Community Christian School is a PreK–12 private, college preparatory Christian school in Bradenton, Florida, United States that was established in 1968 by Community Baptist Church.

Accreditation
Community Christian School is a member of the Sunshine State Association of Christian Schools (SSACS) and the American Association of Christian Schools (AACS). CCS is nationally accredited by the American Association of Christian Schools (AACS) and regionally accredited through the North American Christian School Accrediting Agency (NACSAA).

History
Community Baptist Church started Community Christian School in the fall of 1968. Enrollment quickly grew from fifty-seven students to over three hundred students. The kindergarten and elementary building was completed for the 1970–1971 school year. The Carolyn Musgrave Fellowship Hall was completed in 1976. The office and administration building and classrooms were completed in April 1981. Our present auditorium and classroom complex was completed in March 1985. The baseball and soccer complex was completed that same year. In 2017, major renovation on the gymnasium/cafeteria complex and construction on the new administration building were completed.

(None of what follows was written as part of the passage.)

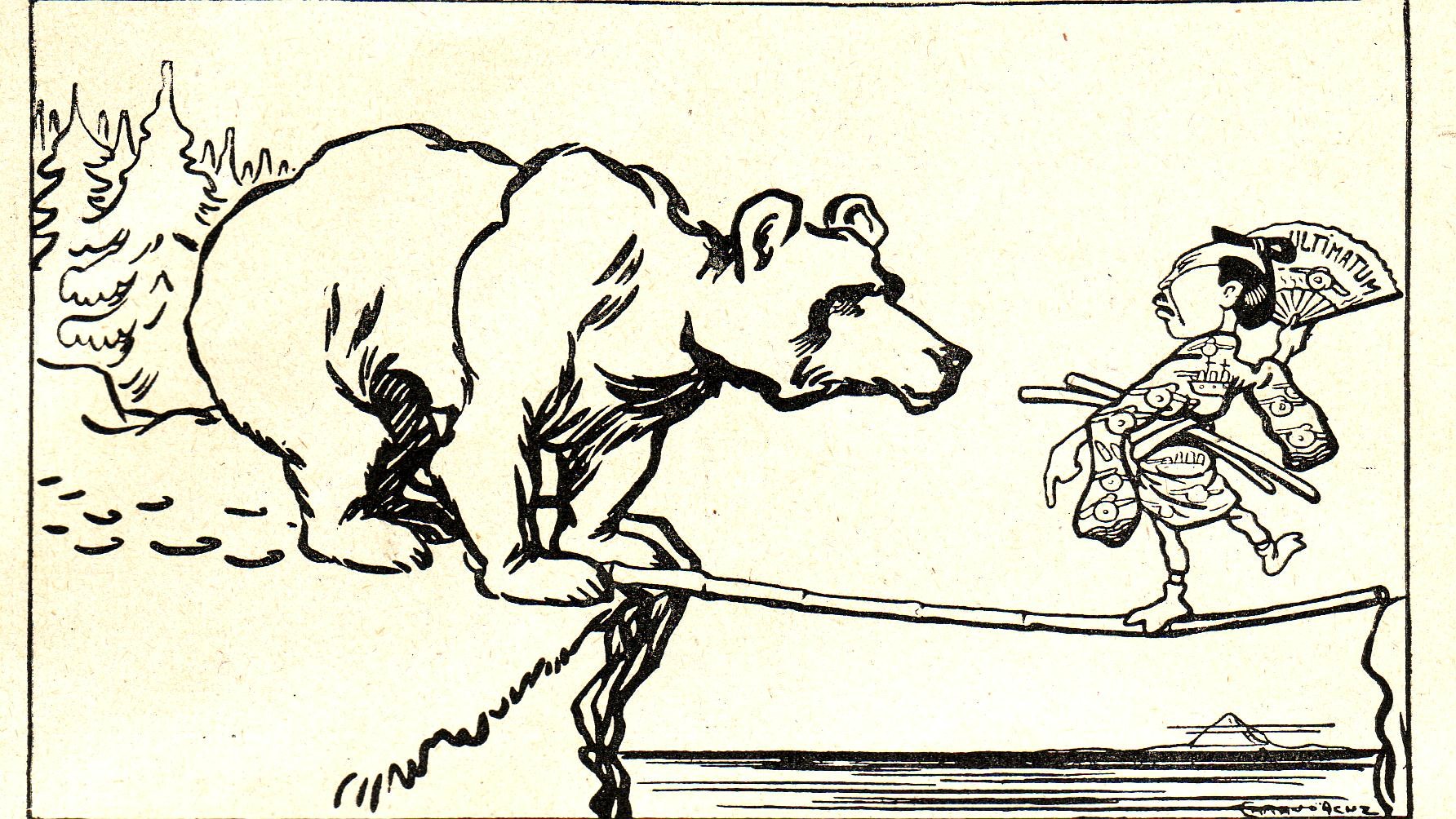 Caricatura del Figaro : i Giapponesi sfidano l'orso russo

Community Christian is known for their strong fine arts department. High school band and choir have consistently placed 1st or 2nd at national competition over the past several years.

In 2017, Community's band won first place at the American Association of Christian Schools' competition in Greenville, South Carolina. Students Katelynn Moore and Aubree Zern placed first in art and voice respectively.

Campus 
A 40-acre campus includes several classroom buildings, an office complex, auditorium, air-conditioned gymnasium, full-sized athletic fields and large playground areas.

On January 15, 2016, the school broke ground on a multi-building construction and renovation project which included new administration offices, locker rooms, and major renovations to its gymnasium/cafeteria complex.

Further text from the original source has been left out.